A "relaxed," circular, double-stranded DNA molecule \((1600 \mathrm{bp})\) is in a solution where conditions favor 10 bp per turn. What is the value of \(L_{0}\) for this DNA molecule? Suppose DNA gyrase introduces 12 negative supercoils into this molecule. What are the values of \(L\) \(W,\) and \(T\) now? What is the superhelical density, \(\sigma\) ?

DNA topology refers to the spatial arrangement of a DNA molecule in three dimensions. It involves the twisting and coiling that occurs in DNA as it packs into the confined space within a cell. This organization is crucial because it can affect how DNA is read and copied during processes like replication and transcription.

In its simplest form, DNA exists as a double helix, where two strands weave around each other in a helical structure. The helix can undergo further twisting and coiling, leading to structures known as supercoils. Supercoiling occurs when the DNA helix strains against its natural coiling, either overwinding or underwinding, often as a result of enzymes that manipulate its structure or the processes of transcription and replication. The topology of DNA can impact its function - for example, certain topological forms can be more active transcriptionally, or more accessible to certain proteins or enzymes.
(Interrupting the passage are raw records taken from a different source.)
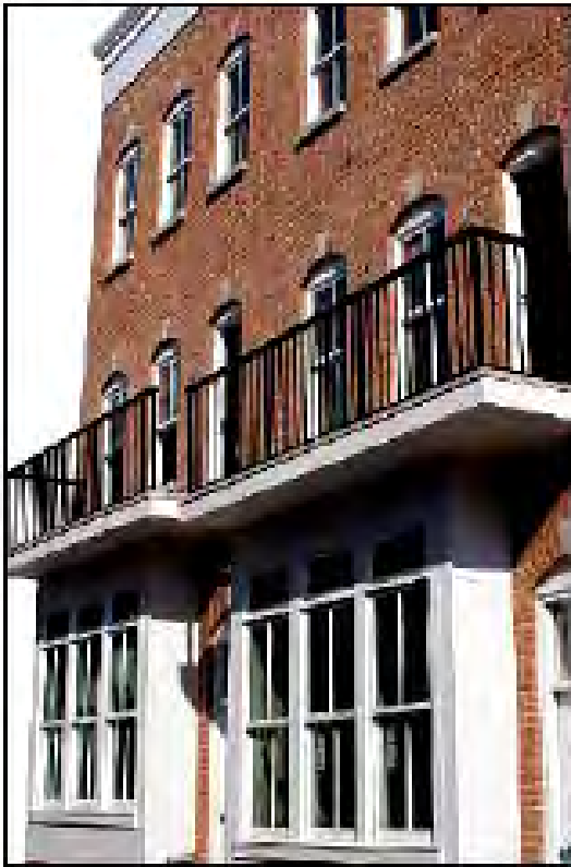
Quite a coop - Once a home for chickens, The Homes at Cross offer convenient opulence.
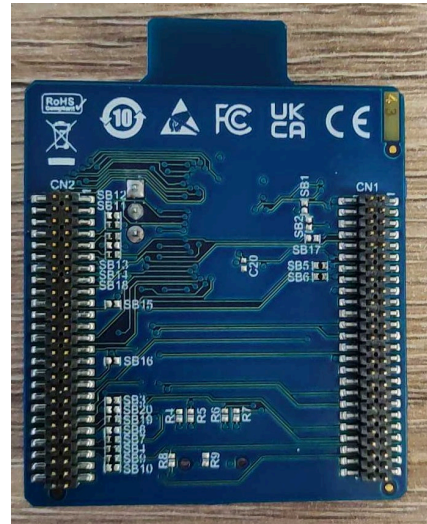
Rear side of MB2119A
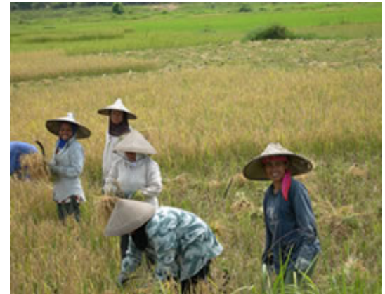
KOMPAK, Governance for Growth, Indonesia
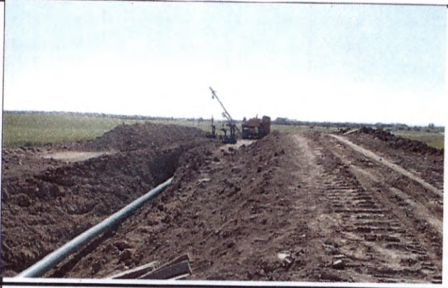
Tie In / Williams Co ND Lowering in crew / tie in weld near P.I. ST#1365+93.97
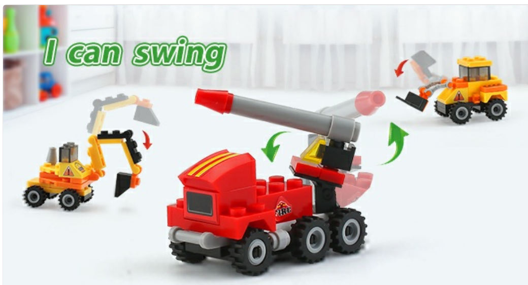
Image: A red fire truck and a yellow excavator illustrating the range of motion of their movable parts.
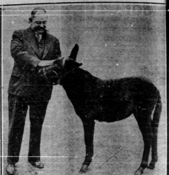
Lieutenant Governor J. B. Snyder with the donkey mascot. Snyder has been accepted as official Democratic Party mascot.
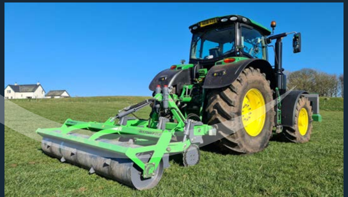
Restorer 3m GLD grassland low disturbance sub soiler
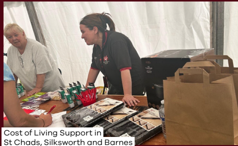
Cost of Living Support in St Chads, Silksworth and Barnes
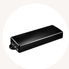
TC16 support 3 motors
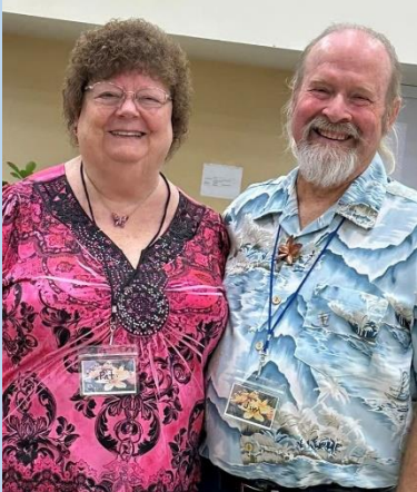
From September meeting. Thanks for the photos, Anita.
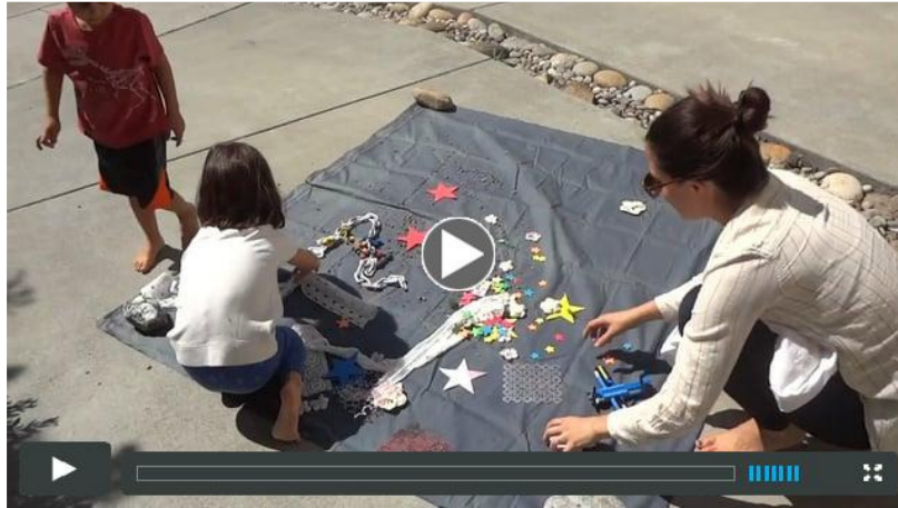
Lessons from a 6 yr old: Cyanotype Mural Fabric

Cyanotype is a photographic printmaking process that is so simple, even children can enjoy professional-quality results. We believe it is a fantastic way to introduce children to the magic of science, photography, nature and art, and the panel of educators, mothers and professionals at Creative Child Magazine wholeheartedly agree!

The linking number (L) is a fundamental concept in DNA topology that quantifies the level of twisting in the double helix. It represents the total number of times one strand of DNA winds around the other. The linking number is an invariant quantity for a closed circular DNA molecule unless the strand is physically cut. It can be determined by adding the number of twists (T), which is the number of turns in the helix, and the number of writhe (W), which is essentially the number of supercoils.

For relaxed DNA, the linking number equals the twist, because there is no supercoiling, hence W is zero. Any alteration in the number of supercoils, such as the introduction of negative or positive supercoils by enzymes, changes the linking number (L) and consequently the DNA's topology. In a mathematical form, this relationship is expressed as: \( L = T + W \).

Superhelical density (σ) is a ratio that describes the extent of supercoiling in DNA relative to a relaxed form of the molecule. It is calculated by dividing the writhe (W) by the linking number (L0) of the relaxed state. Technically, \( \sigma \text{ can be thought of as the } \frac{W}{L_0} \).

It offers insight into the tension of a DNA molecule; a negative σ indicates negative supercoiling, which means the DNA is underwound, while a positive σ signifies positive supercoiling, or an overwound state. For many biological processes, a certain level of supercoiling is necessary as it influences the accessibility and dynamics of DNA by affecting the binding of proteins such as transcription factors.

DNA gyrase is an essential enzyme in bacteria which introduces negative supercoils into DNA using energy from ATP hydrolysis. This activity falls under the broader category of topoisomerases, which change the supercoiling of DNA by making transient breaks in the DNA strands. Specifically, gyrase is a type II topoisomerase that can introduce negative superhelical turns even in the absence of external tension, unlike other topoisomerases that only relax overwound DNA.

By controlling the level of supercoiling, gyrase plays a critical role in managing the topology of bacterial DNA, making it compact enough for cell division, yet accessible for replication and transcription. Gyrase facilitates these processes by increasing the DNA's negative supercoils, thereby reducing the torsional strain and allowing the machinery of the cell to interact more easily with DNA strands.